Martha Stewart’s Ideal Sugar Cookies


Do you and your family have any holiday customs spent in the kitchen? Martha Stewart’s holiday tradition is baking her signature decorated sugar cookies in different Christmas shapes. From stars and tree to Santa and reindeer, there’s a cookie for every holiday symbol.

Read LIW’s full interview with Martha Stewart: Domestic Goddess

Sugar Cookies

Makes two dozen cookies

2 cups unbleached all-purpose flour
¼ tsp kosher salt
½ tsp baking powder
1 stick (½ cup) unsalted butter
1 cup sugar
1 large egg, lightly beaten
2 Tbsp brandy or milk
½ tsp pure vanilla extract
Royal Icing, optional

Royal Icing

1 box confectioners’ sugar (1 lb.)
5 Tbsp meringue powder, or 2 large egg whites

For Cookies

1. Whisk together flour, salt, and baking powder in a medium bowl; set aside. In the bowl of an electric mixer fitted with the paddle attachment, cream butter and sugar; mix until light and fluffy. With mixer running, add egg, brandy, and vanilla; mix until well combined. With the mixer on low, slowly add reserved flour mixture. Mix until just combined.

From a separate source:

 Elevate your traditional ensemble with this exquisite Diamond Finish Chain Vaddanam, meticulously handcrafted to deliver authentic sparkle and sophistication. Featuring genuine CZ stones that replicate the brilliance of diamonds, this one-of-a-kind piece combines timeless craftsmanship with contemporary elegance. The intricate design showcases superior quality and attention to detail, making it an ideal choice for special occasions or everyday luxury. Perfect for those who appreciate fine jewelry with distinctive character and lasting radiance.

2. Transfer dough to a clean surface. Shape into 2 disks, cover with plastic wrap, and refrigerate at least 1 hour.

3. Preheat oven to 350 degrees. Line baking sheets with nonstick baking mats or parchment paper; set aside.

4. On a lightly floured surface, roll out dough to ⅛-inch thickness. Cut into desired shapes and transfer to prepared sheets, spaced 1 inch apart. Leftover dough can be rolled and cut once more. Bake until lightly golden, about 10 minutes; do not allow to brown. Transfer sheets to wire racks; let cool completely.

5. Decorate with royal icing, if desired.

For Royal Icing

In the bowl of an electric mixer fitted with the paddle attachment, combine sugar and meringue powder. Mixing on low speed, add a scant ½ cup water. For a thinner consistency, add more water. (A thicker consistency is generally used for outlining and adding details). Mix until icing holds a ribbonlike trail on the surface of the mixture for 5 seconds when you raise the paddle.